╔══

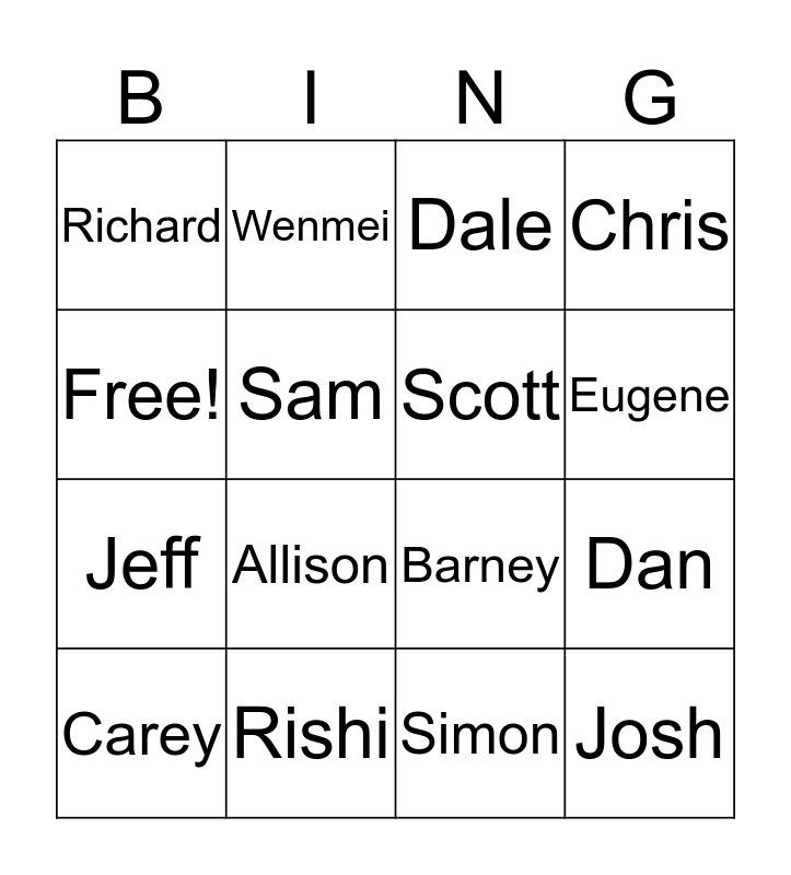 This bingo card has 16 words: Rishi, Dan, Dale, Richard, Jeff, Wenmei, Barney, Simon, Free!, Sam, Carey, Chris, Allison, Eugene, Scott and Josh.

╚══
╔══

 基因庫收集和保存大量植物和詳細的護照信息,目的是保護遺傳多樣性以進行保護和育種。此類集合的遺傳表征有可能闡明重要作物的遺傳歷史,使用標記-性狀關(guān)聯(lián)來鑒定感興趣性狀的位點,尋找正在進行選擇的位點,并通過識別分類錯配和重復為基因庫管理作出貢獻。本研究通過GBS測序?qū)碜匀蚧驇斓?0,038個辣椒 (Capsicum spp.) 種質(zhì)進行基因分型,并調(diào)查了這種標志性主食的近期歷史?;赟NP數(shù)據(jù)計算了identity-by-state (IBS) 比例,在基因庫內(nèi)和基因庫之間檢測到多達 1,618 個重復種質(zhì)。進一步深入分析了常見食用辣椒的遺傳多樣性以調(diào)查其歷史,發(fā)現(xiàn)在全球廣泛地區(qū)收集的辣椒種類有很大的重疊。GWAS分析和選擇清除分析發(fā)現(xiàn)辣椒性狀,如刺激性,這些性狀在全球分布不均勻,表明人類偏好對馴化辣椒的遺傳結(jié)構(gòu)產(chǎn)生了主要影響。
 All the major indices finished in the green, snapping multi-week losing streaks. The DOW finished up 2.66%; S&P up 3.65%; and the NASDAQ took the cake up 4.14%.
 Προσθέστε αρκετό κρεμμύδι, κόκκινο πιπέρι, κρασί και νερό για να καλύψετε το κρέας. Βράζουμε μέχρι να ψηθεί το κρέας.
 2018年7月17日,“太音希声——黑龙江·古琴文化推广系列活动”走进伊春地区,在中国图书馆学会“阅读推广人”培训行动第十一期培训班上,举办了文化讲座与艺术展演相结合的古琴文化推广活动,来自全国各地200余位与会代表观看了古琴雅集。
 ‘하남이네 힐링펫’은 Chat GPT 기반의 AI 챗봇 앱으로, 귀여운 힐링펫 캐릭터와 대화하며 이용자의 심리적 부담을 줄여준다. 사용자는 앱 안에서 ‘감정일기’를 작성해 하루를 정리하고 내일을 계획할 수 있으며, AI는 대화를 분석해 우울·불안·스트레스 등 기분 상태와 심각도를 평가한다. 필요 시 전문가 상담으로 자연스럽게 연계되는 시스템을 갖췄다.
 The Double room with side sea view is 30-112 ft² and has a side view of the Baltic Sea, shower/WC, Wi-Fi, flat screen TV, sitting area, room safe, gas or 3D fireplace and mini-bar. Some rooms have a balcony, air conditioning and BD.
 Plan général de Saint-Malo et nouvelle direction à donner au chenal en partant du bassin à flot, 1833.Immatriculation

╚══

• Instructions to follow
When you reach the line in the material above that holds "연계되는 시스템을 갖췄다.", begin reproducing lines exactly, and stop after the line that holds "Plan général de".

• Problem solution
 ‘하남이네 힐링펫’은 Chat GPT 기반의 AI 챗봇 앱으로, 귀여운 힐링펫 캐릭터와 대화하며 이용자의 심리적 부담을 줄여준다. 사용자는 앱 안에서 ‘감정일기’를 작성해 하루를 정리하고 내일을 계획할 수 있으며, AI는 대화를 분석해 우울·불안·스트레스 등 기분 상태와 심각도를 평가한다. 필요 시 전문가 상담으로 자연스럽게 연계되는 시스템을 갖췄다.
 The Double room with side sea view is 30-112 ft² and has a side view of the Baltic Sea, shower/WC, Wi-Fi, flat screen TV, sitting area, room safe, gas or 3D fireplace and mini-bar. Some rooms have a balcony, air conditioning and BD.
 Plan général de Saint-Malo et nouvelle direction à donner au chenal en partant du bassin à flot, 1833.Immatriculation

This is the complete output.